TL;DR: Sub-agent delegation lets you run Claude Code agents at 92% lower cost. Parent agents (Sonnet) handle strategic work while sub-agents (Haiku) handle bounded tasks like data fetching. Kaxo scaled from 4 to 35 agents in 90 days using this pattern. Typical sub-agent costs $2-8/year vs $150-600/year for all-Sonnet architecture. Result: production agent fleet running at <$500/year total cost.
Contents
- The Problem
- The Solution in 30 Seconds
- What Are Sub-Agents?
- The Economics of Sub-Agents
- Can Claude Code Agents Call Other Agents?
- Implementation Guide
- Real-World Example
- Building Agentic Workflows: How We Scaled from 4 to 35 Agents
- Key Takeaways
- FAQ
The Problem
Running multiple Claude Code agents gets expensive fast. A single Sonnet agent costs $150-600 per year. Scale to 10 agents: $1,500-6,000 annually.
Manual oversight doesn’t scale. And no documented patterns exist for multi-agent orchestration in Claude Code.
How do you scale without scaling costs?
The Solution in 30 Seconds
Sub-agent delegation solves this.
What: Specialized agents on cheaper models (Haiku: $0.25/$1.25 per million tokens) handle bounded tasks. Parent agents on strategic models (Sonnet: $3/$15) delegate and synthesize.
Why: 92% cost reduction. Parent handles judgment. Sub-agents handle data fetching and transforms.
Result: We went from 4 to 35 agents in 90 days. Annual cost: under $500 vs $5,000+.
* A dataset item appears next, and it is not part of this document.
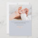 Este anúncio de nascimento, belamente simples e elegante, tem um solteiro de fotografia oval em frente com detalhes clássicos de tipografia para o nome e as estatísticas do bebê, incluindo data de nascimento, peso e comprimento. Pastel floral macio com detalhes num pastel de coral rosa pincelado e pontos azuis de periwinkle macios. O verso inclui um espaço para mensagens personalizadas familiares personalizadas opcionais e uma segunda foto retangular grande.

The pattern: Identify repetitive task → create spec → delegate → sub-agent executes → parent continues.
Production numbers: data research tasks dropped from $0.05-0.10 to $0.001-0.002 per query. 96% savings.
What Are Sub-Agents?
Sub-agents are specialized, cost-optimized Claude Code agents invoked by parent agents for bounded, repetitive tasks. They run cheaper models (Haiku: $0.25/$1.25 per million tokens) while parent agents use more capable models (Sonnet: $3/$15 per million tokens) for strategic work, reducing costs by 85-92%.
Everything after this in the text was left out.